Hailed as the ‘greatest raid of all’, the combined naval and commando assault on the German-occupied port of St Nazaire 75 years ago was an epic of audacity culminating in a unique honour made to a soldier engaged in a fight at sea. Steve Snelling charts an extraordinary story of desperate defiance against the odds

Heroic Charioteer: Sergeant Thomas Frank Durrant VC (1918-1942).
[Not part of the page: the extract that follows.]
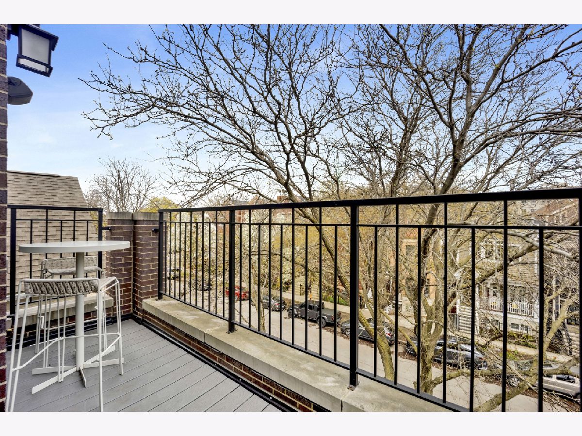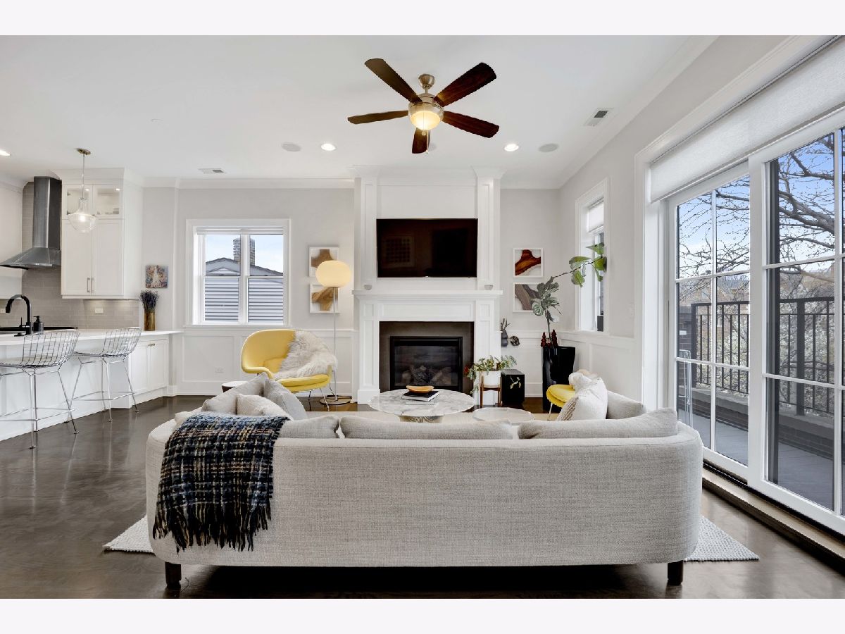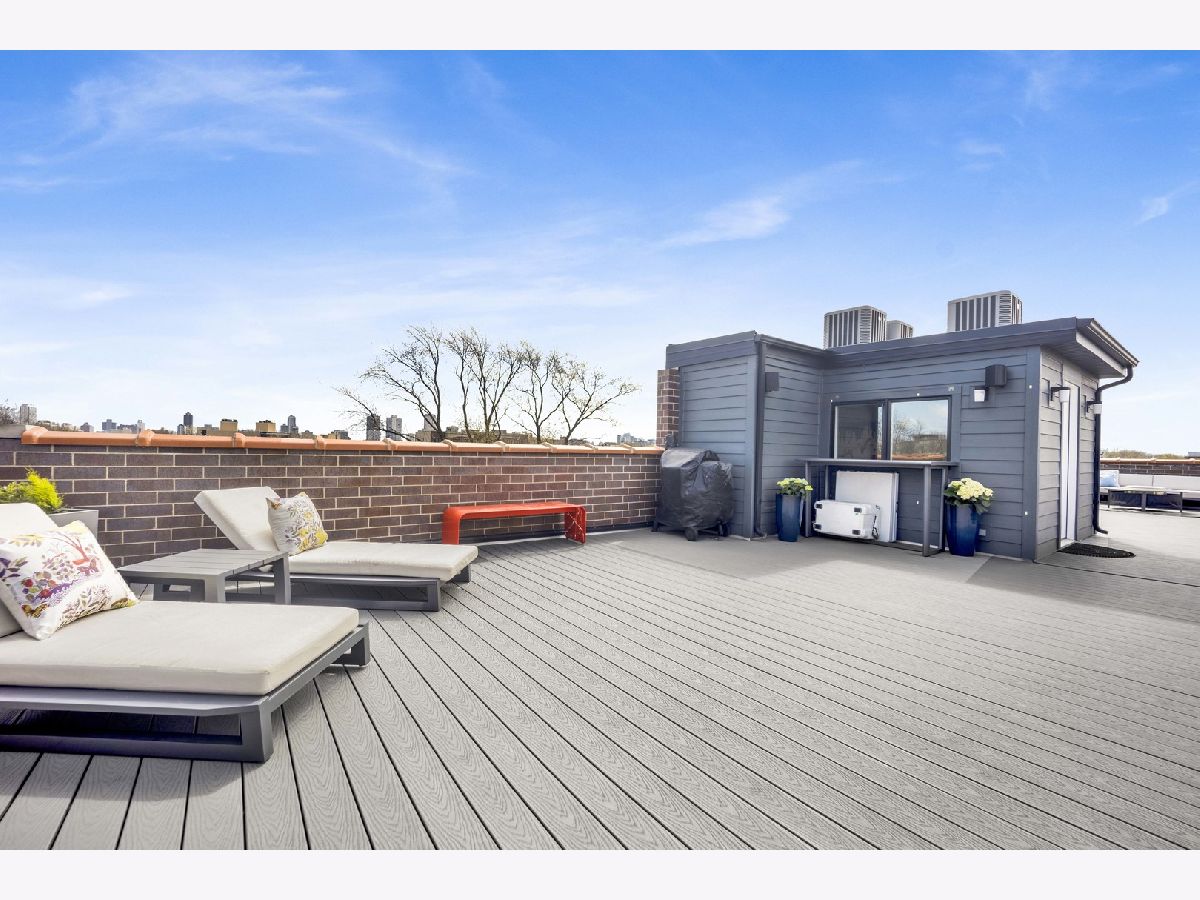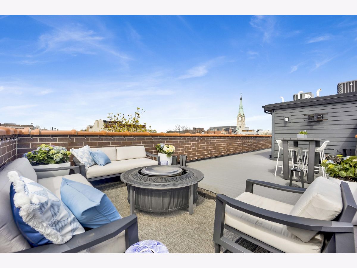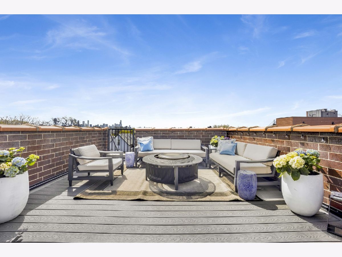 Discover refined city living in this exceptional top-floor 2-bedroom, 2-bath residence with a full outdoor rooftop deck. Perfectly situated on a quiet, tree-lined street, this is just steps from the vibrant heart of the Southport Corridor. Chic and stylish, this beautifully appointed home offers a thoughtfully designed open layout, highlighted by a show-stopping custom kitchen featuring premium Viking, Wolf, and Bosch appliances, sleek quartz countertops, and a designer tile backsplash, all flowing seamlessly into a bright, inviting, and spacious living room with a cozy fireplace, ideal for entertaining. Gracious and sophisticated touches include wainscoting and crown moldings. A rare front terrace extends the living space outdoors, perfect for morning coffee or evening relaxation. The luxurious primary suite serves as a true retreat, complete with a dual vanity, quartz counters, elegant marble flooring, heated floors, an oversized walk-in shower with rain head and steam and a professionally organizes walk-in closet. A generously sized second bedroom and a stunning second bathroom with a deep soaking tub provide both comfort and flexibility for guests or a home office. Interior stairs lead to a rooftop level featuring a built-in prep area with wine fridge and custom cabinetry, opening to a large private deck that is ideal for summer dining and effortless indoor-outdoor entertaining. Additional highlights include rich hardwood floors throughout, custom millwork, and designer lighting. All of this in an unbeatable location within walking distance to the lakefront, parks, restaurants, shopping, and everything Southport has to offer. Garage parking spot and a storage closet on the ground floor are included. WELCOME HOME.

A pre-war regular who had enlisted in the Royal Engineers in 1937, he served with No.2 Independent Company in Norway in 1940 and was among the earliest volunteer recruits to join the newly-formed No.1 Commando, becoming a sergeant in the demolition section.
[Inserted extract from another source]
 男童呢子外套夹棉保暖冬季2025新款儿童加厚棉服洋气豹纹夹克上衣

Charge into St Nazaire: a contemporary impression of the naval element of Operation Chariot, with HMS Campbeltown on a collision course with the Normandie dock and motor launches.
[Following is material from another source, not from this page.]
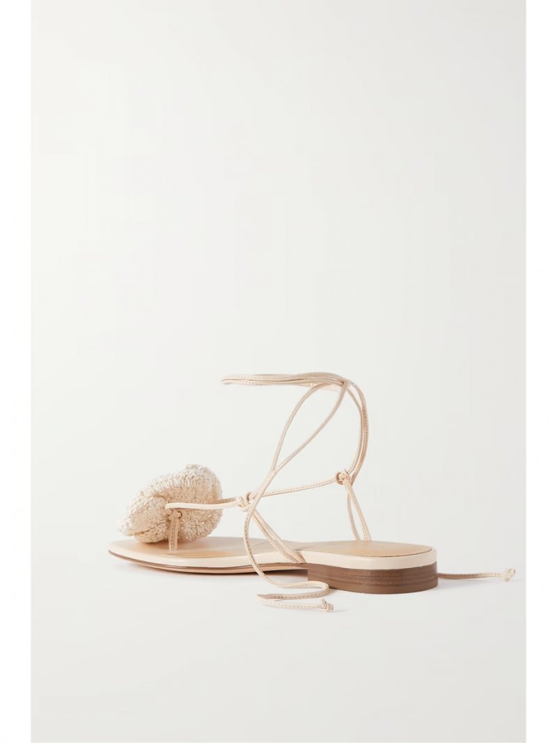 - Cream leather and crocheted cotton-blend

The great Normandie dock was wreathed in flames and scorching heat from the acrid, smoke-shrouded inner port felt like an open furnace. To 19-year-old Ordinary Seaman Ralph Batteson, strapped inside a splinter-matted gun ‘bandstand’ perched on the stern of Motor Launch 306, it appeared they had entered “the mouth of hell” as he later wrote “Large fieldpieces, anti-aircraft batteries and machine-guns poured fire on us from either flank, the deafening roar of the explosions threatening to burst our eardrums”.